◆ **INFORMATION SHOWN**:
================

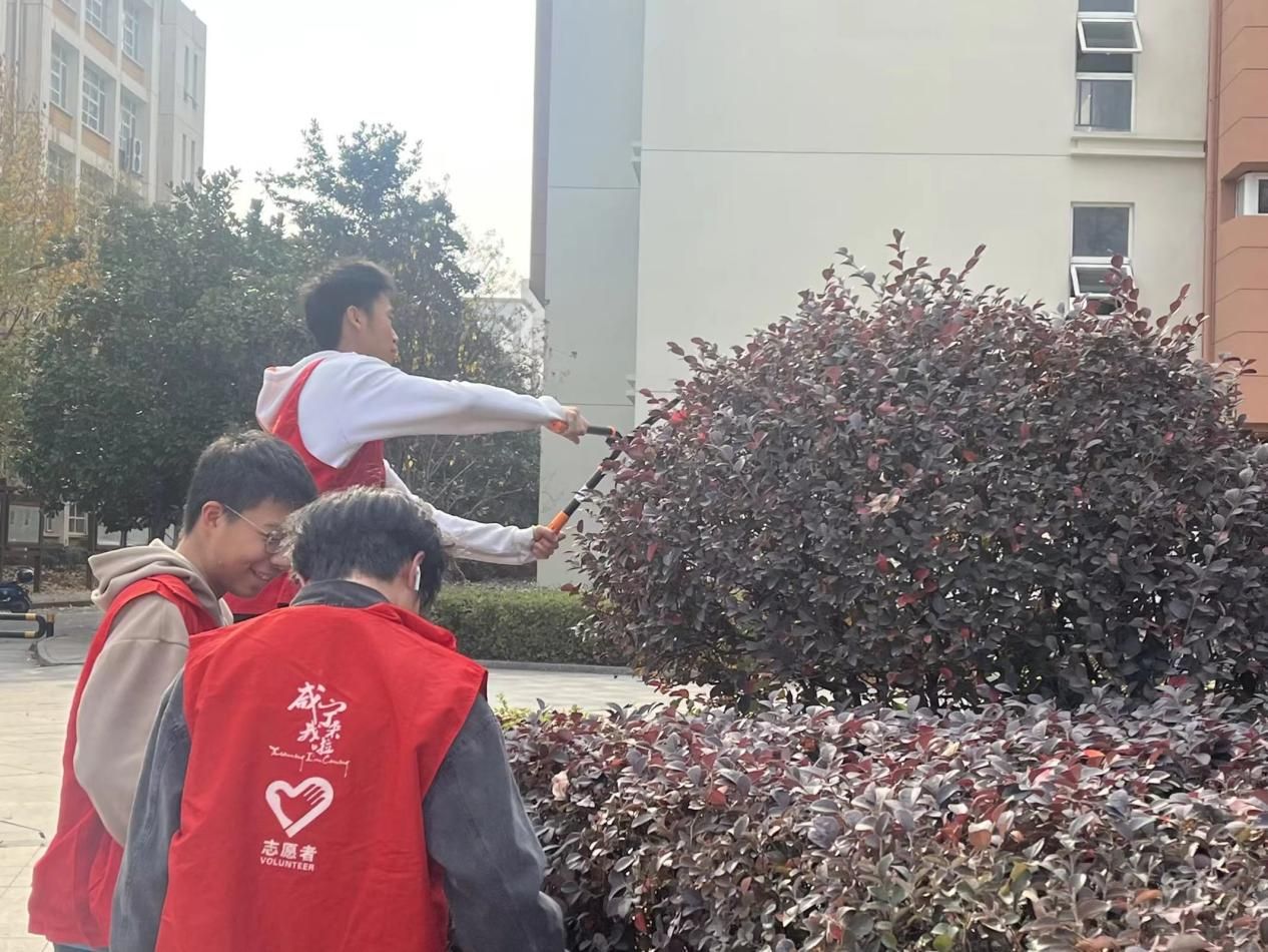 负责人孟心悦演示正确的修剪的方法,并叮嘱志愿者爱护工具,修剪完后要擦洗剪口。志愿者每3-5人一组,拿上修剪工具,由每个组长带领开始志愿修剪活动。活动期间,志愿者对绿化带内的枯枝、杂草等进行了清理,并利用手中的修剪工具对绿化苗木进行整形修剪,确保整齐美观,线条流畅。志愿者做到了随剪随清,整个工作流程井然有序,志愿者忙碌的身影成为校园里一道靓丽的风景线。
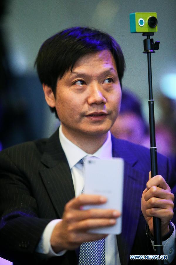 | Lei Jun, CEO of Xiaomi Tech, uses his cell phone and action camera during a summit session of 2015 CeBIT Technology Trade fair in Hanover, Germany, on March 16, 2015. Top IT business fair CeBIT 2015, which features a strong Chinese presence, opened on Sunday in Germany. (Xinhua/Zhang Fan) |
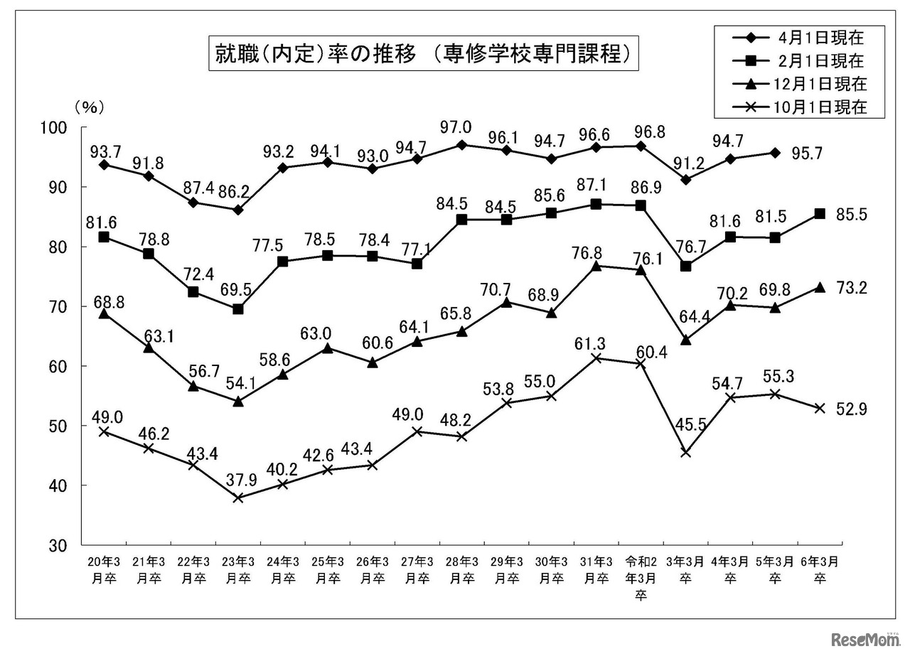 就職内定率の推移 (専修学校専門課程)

================

◆ **WHAT THE TASK REQUIRES**: Only the text of the listing above is copied, exactly as written; its pictures are dropped.

◆ **TASK RESULT**:
 负责人孟心悦演示正确的修剪的方法,并叮嘱志愿者爱护工具,修剪完后要擦洗剪口。志愿者每3-5人一组,拿上修剪工具,由每个组长带领开始志愿修剪活动。活动期间,志愿者对绿化带内的枯枝、杂草等进行了清理,并利用手中的修剪工具对绿化苗木进行整形修剪,确保整齐美观,线条流畅。志愿者做到了随剪随清,整个工作流程井然有序,志愿者忙碌的身影成为校园里一道靓丽的风景线。
 | Lei Jun, CEO of Xiaomi Tech, uses his cell phone and action camera during a summit session of 2015 CeBIT Technology Trade fair in Hanover, Germany, on March 16, 2015. Top IT business fair CeBIT 2015, which features a strong Chinese presence, opened on Sunday in Germany. (Xinhua/Zhang Fan) |
 就職内定率の推移 (専修学校専門課程)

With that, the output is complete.